You must be able to clearly communicate what it is that you are doing to make yourself the best motorcoach provider in the area, and it’s important to tell your customers why you value their business.
Without this as a marketing objective, you are just another provider. And in that case, it’s true: you probably can’t raise your prices, hire more drivers or protect your profit margins.
With it, however, you can do all of those things. Marketing is not just about filling dispatch holes; it’s about creating demand for what you have.
I have been helping my fourth grader with a lot of story problems, so let’s talk about marketing using the following analogy:
Bill is trying to sell four bananas. He is in a famers’ market with lots of other people who are also selling bananas. He would like to sell his bananas for $1 each, but some idiot down the row is selling his bananas for less than it costs Bill to grow his bananas. What should Bill do?

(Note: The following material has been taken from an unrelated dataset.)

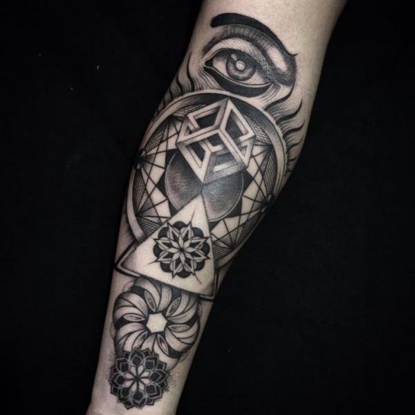 - Сама черная гамма дотворк-татуировки невольно ассоциирует с мрачными образами, а необычная геометрия стиля – с чем-то бесконечным и окутанным тайной. Поэтому до сих пор популярным является мнение, что данный стиль выбирают люди, желающие обрести внутреннюю гармонию в себе самом.

It’s easy to feel bad for Bill because, let’s face it, we’ve all been in his spot. But basically, Bill has a few choices. He can close up shop, eat his bananas and take up basket weaving. He can discount his bananas to match the price of the other guy, or even drop the price a bit further and be the cheapest guy on the block.

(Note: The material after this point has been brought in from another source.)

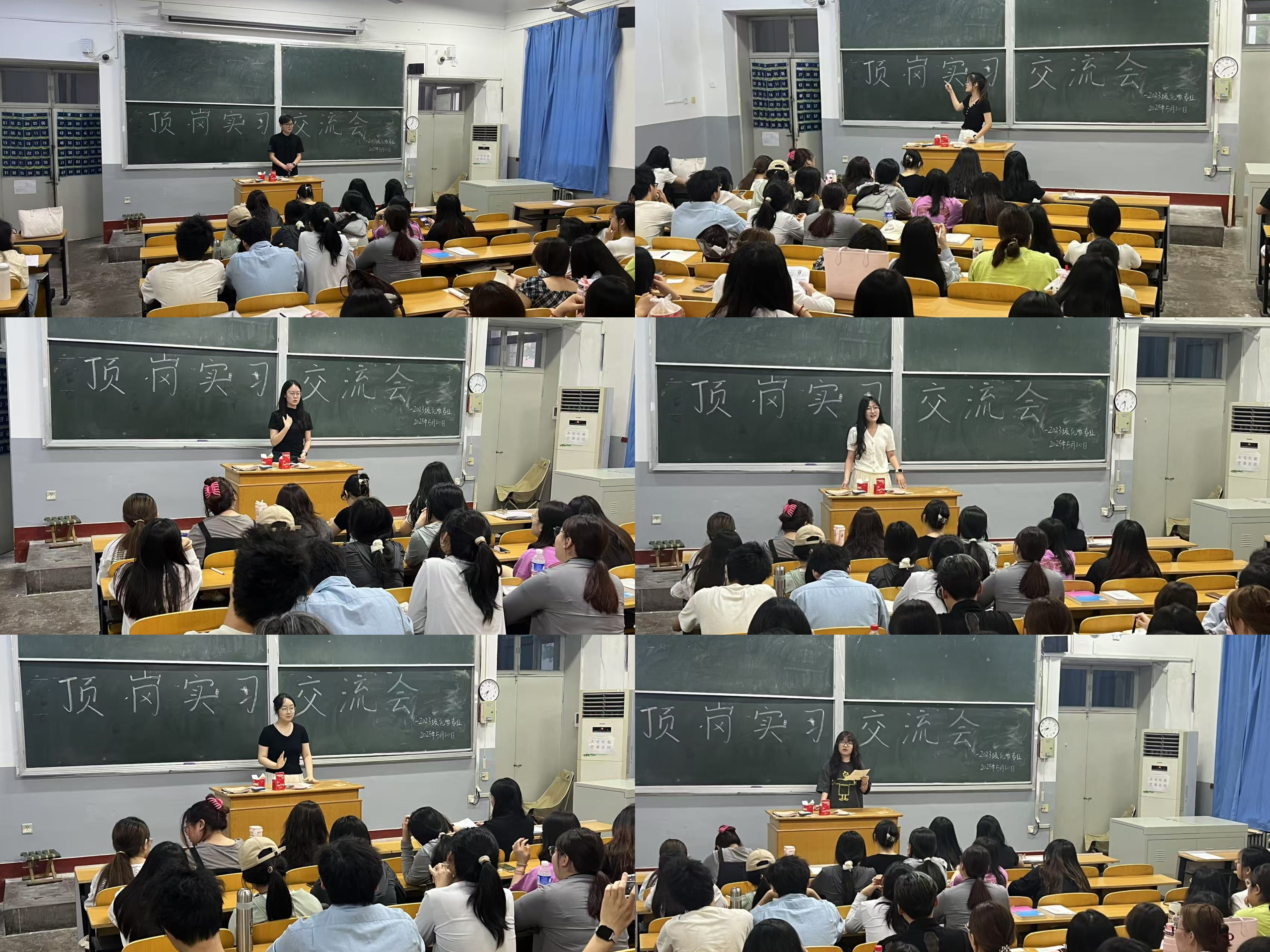青蓝相继传薪火,经验共融启新程。顶岗实习不仅是学生打磨教学本领、提升教学能力的关键阶段,更是明确职业规划、探索就业方向、提升专业技能的重要途径。为贯彻落实党的二十大精神,帮助学生从容迎接顶岗实习挑战,辅导员林建丽老师带领2023级化学专业全体成员于5月20日晚七点在第二教学楼204教室与大三学长学姐们一起举办了顶岗实习朋辈交流活动。经验丰富的学长学姐倾囊相授,以真挚话语与实用建议,为学弟学妹点亮实习之路的明灯。

Or, he can decide that he’s been selling bananas for a long time, he’s good at it, and being in business with a pricing model that loses money with every sale is a bad plan (cash flow or not). For the sake of our story, let’s say Bill goes with the third option.
So, what does Bill do next? He decides to raise his prices. He comes back the next week with more bananas than he’s ever had and sells them for $3 apiece.
But here’s the catch: Bill did something different this week. He peeled the bananas, froze them, dunked them in chocolate and rolled them in nuts. He made a couple of posters, stood in front of his booth and offered free samples to all the passersby. And guess what? He sold all of his bananas and landed a contract with a local restaurant. How smart is Bill?
What’s the moral of the story? Let’s be like Bill and think outside the box, stretching ourselves to be something other than a transportation-shaped commodity. Let’s show our customers (and potential customers) that we don’t sell green bananas in the bottom of a cardboard box.
What we offer is a delicious frozen treat, hand-dipped in chocolate and rolled in nuts. Let’s demonstrate that because we are different (better, even), we won’t be held to the price sheet of the guy selling green bananas.
Let’s build a new world where the customers we work with are loyal to us, not our prices, and create enough demand that when someone really wants a green banana, we can send them on their way with a smile and say, “Come on back when you want a better banana!”
We need more drivers, and we’ll continue to need them until we make driving a viable, full-time career opportunity that provides regular work and enough pay to comfortably support a family of four.
We won’t get to that place until we can sell more bananas, to more people, for more money. Marketing isn’t easy, and it isn’t something you can do just in a moment of need.
It’s a journey, not a destination, and it’s something that deserves your attention and focus.